Фельдшер, видимо, потеряв от возмущения дар речи, свирепо засопел и повернулся к нам спиной.
— Оставь его, — сказал я, чувствуя, что Виктор с минуты на минуту может вспылить. — Пошли.
Извозчика мы не нашли, пришлось Тузика нести на руках. Виктор его держал за плечи, я — за ноги. У Покровских ворот нас остановил патруль.
Ругаясь сквозь зубы, Виктор передал мне Тузика и достал удостоверение.
— Служба, — смущенно сказал пожилой красногвардеец, возвращая удостоверение. — Что с мальчонкой? Сыпняк?
— Нет, кажется, испанка.
— Подсобить?
Только тут я почувствовал, как устал за эту ночь. Руки у меня онемели, колени дрожали, спина стала совсем мокрой от пота.
— Пожалуйста, папаша, — поспешно сказал я, опасаясь, что Виктор откажется. — Здесь уже рядом. Парнишка не тяжелый, только мы его закутали, чтоб не простыл…

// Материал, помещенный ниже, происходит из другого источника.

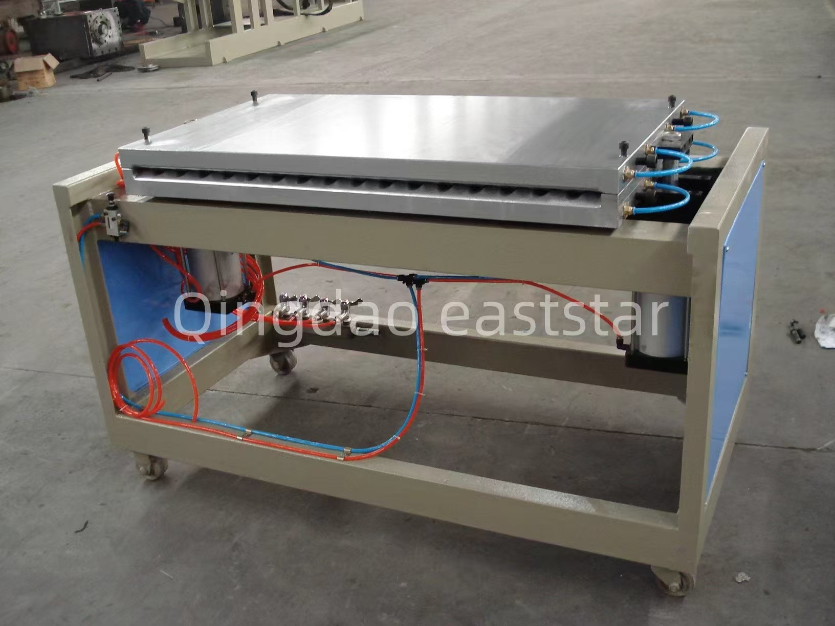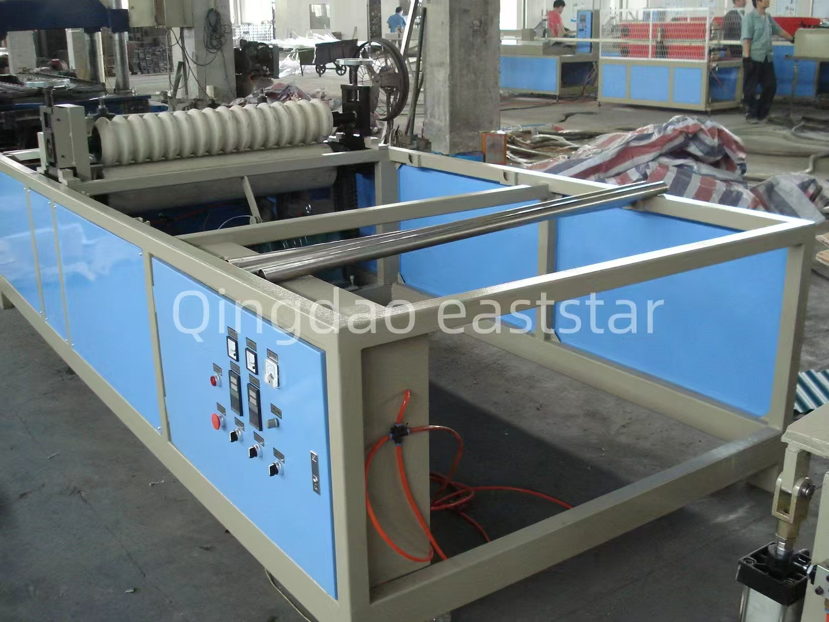 Помошниот систем наЛинија за производство на брановидни плочи со ко-екструзија PC+ASAвклучува матрица за обликување, влечна машина и единица за сечење.
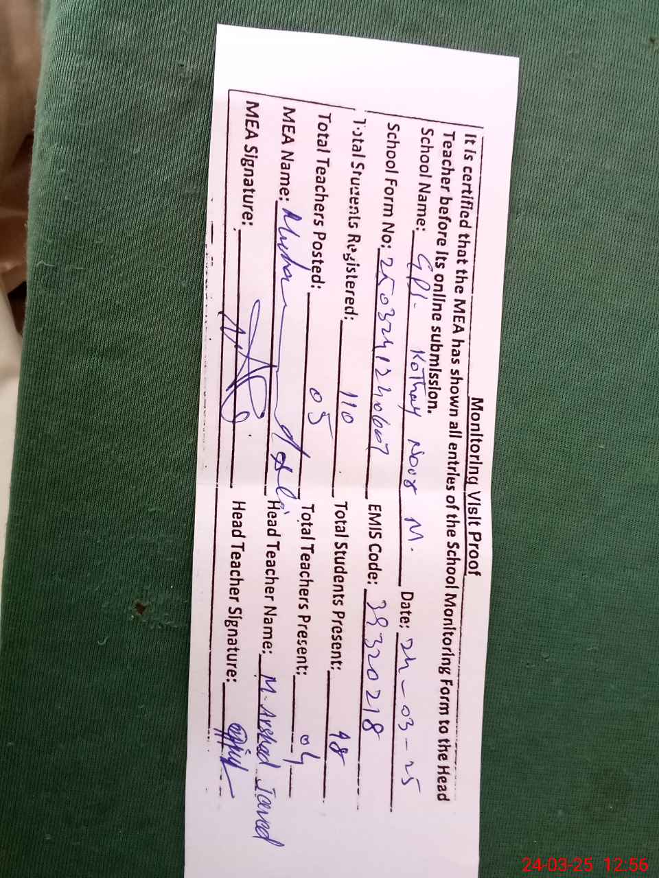 | Certified that this School was Inspected by the Undersigned MEA/DMO Today and the Information Stated Above is as Per Record. | |||||

— Тяжесть не велика, грыжу не заработаю…
Красногвардеец передал винтовку своему напарнику, в последний раз жадно затянулся цигаркой, выплюнул ее в снег.

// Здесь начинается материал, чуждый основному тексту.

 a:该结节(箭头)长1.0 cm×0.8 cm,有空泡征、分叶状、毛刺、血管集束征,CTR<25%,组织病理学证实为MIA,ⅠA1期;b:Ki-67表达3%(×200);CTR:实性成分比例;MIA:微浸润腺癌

— Давайте! Один управлюсь.
Когда мы уже входили в подъезд моего дома, он, будто невзначай, спросил:
— Это ваши на Хитровке стреляли?
— Нет, — быстро ответил Виктор.
— А я думал, ваши… Когда на санях убитого везли, почудилось мне, что Сенька Худяков в охране, с нашей фабрики парень, в розыске теперь… Значит, не вы?
— Нет.
— Может, анархисты шалили?
— Может быть. Не видели.
— Да, дела… А Сеньку Худякова знаешь?
— Не припомню, народу у нас много.
— Про то слышал, — подтвердил словоохотливый красногвардеец. — Учреждение сурьезное. И то сказать, жулья невпроворот. Так и шныряют, так и шныряют. Всяка вошь из щели вылазит, чтоб свою долю кровушки получить. Дежуришь ночью — только и слышишь: «Караул, грабят!» Не знаешь, в какую сторону и кидаться. Намедни барышню раздели. Что гады сделали — сережки у ей в ушах были, так вместе с мясом вырвали. Сидит голая в сугробе да скулит, как кутенок, а кровь так и хлещет…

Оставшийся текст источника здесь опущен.